Interview with Brian Salter
In 1971 Brian was recruited to Milton Keynes by Fred Roche (now MKDC’s General Manager), as Forestry and Conservation Office. Brian describes problems for tree planting in the 1970s: first the dry years and then the disaster of Dutch Elm disease, he says: ‘we had 45,000 dead or dying elm trees’. MK initiated ‘a scientific view’ of tree planting methods. In 1976 Brian notes that the Government relaxed the approval process for projects under £50k and the Landscape Department could then get many projects started; great progress was made on parks when Neil Higson joined MKDC in 1975/76. Brian says: ‘he came along with a …brilliant philosophy for linear parks …the lakes settings came alive’. In 1978 Brian became Manager of the Recreation Unit; he describes some of the organisations MKDC supported, and remembers Teresa Collard, Arts and Entertainments officer at the Council. He coordinated development of MK Bowl, and began promotion of music events there from the early 1980s
Brian comments that Fred Roche had said: ‘If the city is going to be a success, it is going to be its landscape and the trees’. Brian relates an apocryphal story from about 1987, that Mrs Thatcher advised MKDC Chairman Henry Chilver that MKDC should arrange for other bodies than the Borough Concil to take over MKDC’s community assets when it closed down in 1992. MKDC duly set up the ‘community assets disposal programme’, with residuary legatees: a Parks Trust, the Community Foundation, the parishes, and the County Council.

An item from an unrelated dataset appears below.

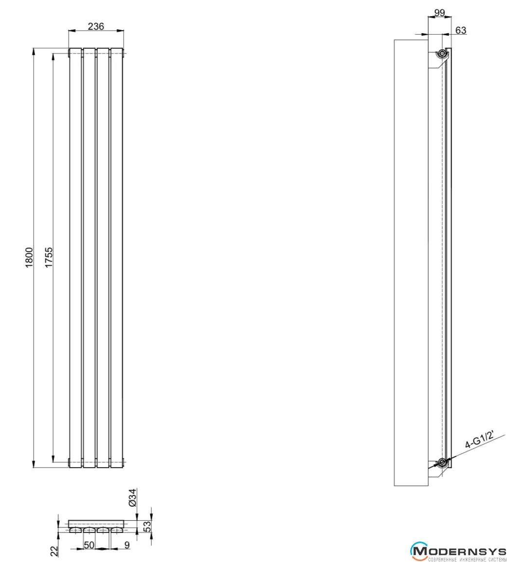 Технические характеристики: Вертикальный дизайнерский радиатор ARTTIDESIGN (Арттидизайн) Terni 4/1800/236 серый матовый

Brian says: ‘The major parks were to go to this new charitable Parks Trust, funded so that they could be operated in perpetuity’. He describes the Trust’s setting up; he became the Parks Trust’s Chief Executive in 1992. Brian is most proud of the vision for MK and the city of trees in the Master Plan: ‘landscape was to be an all-pervading feature …and I believe …we did deliver it’. He comments briefly on aspects of the parks like the concrete cows and tree cathedral, and on income generated from Parks Trust land. Brian says: ‘So [the Parks Trust] maintains agricultural heritage within Milton Keynes and will do so indefinitely’.